Multimodal Support in TensorRT LLM#

TensorRT LLM supports a variety of multimodal models, enabling efficient inference with inputs beyond just text.

Background#

Multimodal LLMs typically handle non-text inputs by combining a multimodal encoder with an LLM decoder. The encoder first transforms non-text modality input into embeddings, which are then fused with text embeddings and fed into the LLM decoder for downstream inference.
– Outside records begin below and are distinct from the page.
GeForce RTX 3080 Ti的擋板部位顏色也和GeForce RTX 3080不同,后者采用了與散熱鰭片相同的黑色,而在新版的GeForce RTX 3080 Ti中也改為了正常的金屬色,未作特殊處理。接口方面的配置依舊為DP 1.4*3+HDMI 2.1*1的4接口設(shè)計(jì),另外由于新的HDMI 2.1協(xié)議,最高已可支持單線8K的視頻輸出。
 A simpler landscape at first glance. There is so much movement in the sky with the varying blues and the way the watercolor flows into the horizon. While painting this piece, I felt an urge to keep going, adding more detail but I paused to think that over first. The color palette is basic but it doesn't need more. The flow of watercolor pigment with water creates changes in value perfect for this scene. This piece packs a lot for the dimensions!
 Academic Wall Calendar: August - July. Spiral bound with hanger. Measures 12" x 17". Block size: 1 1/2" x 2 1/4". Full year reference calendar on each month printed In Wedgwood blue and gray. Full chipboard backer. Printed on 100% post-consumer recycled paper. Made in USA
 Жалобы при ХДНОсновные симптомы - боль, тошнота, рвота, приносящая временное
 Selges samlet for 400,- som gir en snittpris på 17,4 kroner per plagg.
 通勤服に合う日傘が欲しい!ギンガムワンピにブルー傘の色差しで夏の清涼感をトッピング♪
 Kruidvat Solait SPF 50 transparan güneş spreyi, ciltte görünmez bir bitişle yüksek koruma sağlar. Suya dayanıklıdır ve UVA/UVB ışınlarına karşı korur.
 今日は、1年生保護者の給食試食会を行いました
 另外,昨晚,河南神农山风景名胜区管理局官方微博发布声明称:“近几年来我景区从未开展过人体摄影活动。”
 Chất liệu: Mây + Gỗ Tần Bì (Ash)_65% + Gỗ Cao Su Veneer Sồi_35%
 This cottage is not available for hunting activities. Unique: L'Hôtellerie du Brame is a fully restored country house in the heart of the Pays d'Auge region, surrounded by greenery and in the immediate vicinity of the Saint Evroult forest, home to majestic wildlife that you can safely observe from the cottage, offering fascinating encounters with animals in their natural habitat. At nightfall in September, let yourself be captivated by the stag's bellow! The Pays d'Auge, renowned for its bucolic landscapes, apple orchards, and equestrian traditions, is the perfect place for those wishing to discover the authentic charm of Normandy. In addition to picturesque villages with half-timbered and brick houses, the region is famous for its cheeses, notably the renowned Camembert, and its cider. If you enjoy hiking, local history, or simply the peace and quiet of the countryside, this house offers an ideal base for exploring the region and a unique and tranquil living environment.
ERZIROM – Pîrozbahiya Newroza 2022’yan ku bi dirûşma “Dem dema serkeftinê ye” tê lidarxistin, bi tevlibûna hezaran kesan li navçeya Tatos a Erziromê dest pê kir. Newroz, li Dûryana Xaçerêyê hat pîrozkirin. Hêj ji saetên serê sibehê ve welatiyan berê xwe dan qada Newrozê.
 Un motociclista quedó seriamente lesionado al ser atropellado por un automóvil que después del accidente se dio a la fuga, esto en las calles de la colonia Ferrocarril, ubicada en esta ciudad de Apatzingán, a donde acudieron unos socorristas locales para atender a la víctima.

Compared to standard LLM inference, multimodal LLM inference involves three additional stages to support non-text modalities.

Multimodal Input Processor: Preprocess raw multimodal input into a format suitable for the multimodal encoder, such as pixel values for vision models.
Multimodal Encoder: Encodes the processed input into embeddings that are aligned with the LLM’s embedding space.
Integration with LLM Decoder: Fuses multimodal embeddings with text embeddings as the input to the LLM decoder.

Optimizations#

TensorRT LLM incorporates some key optimizations to enhance the performance of multimodal inference:

In-Flight Batching: Batches multimodal requests within the GPU executor to improve GPU utilization and throughput.
CPU/GPU Concurrency: Asynchronously overlaps data preprocessing on the CPU with image encoding on the GPU.
Raw data hashing: Leverages image hashes and token chunk information to improve KV cache reuse and minimize collisions.

Further optimizations are under development and will be updated as they become available.

Model Support Matrix#

Please refer to the latest multimodal support matrix.

Examples#

The following examples demonstrate how to use TensorRT LLM’s multimodal support in various scenarios, including quick run examples, serving endpoints, and performance benchmarking.

Quick start#

Quickly try out TensorRT LLM’s multimodal support using our LLM-API and a ready-to-run example:

python3 quickstart_multimodal.py --model_dir Efficient-Large-Model/NVILA-8B --modality image --disable_kv_cache_reuse

OpenAI-Compatible Server via `trtllm-serve`#

Launch an OpenAI-compatible server with multimodal support using the trtllm-serve command, for example:

trtllm-serve Qwen/Qwen2-VL-7B-Instruct  --backend pytorch

You can then send OpenAI-compatible requests, such as via curl or API clients, to the server endpoint. See curl chat client for multimodal script as an example.

Run with `trtllm-bench`#

Evaluate offline inference performance with multimodal inputs using the trtllm-bench tool. For detailed instructions, see the benchmarking guide.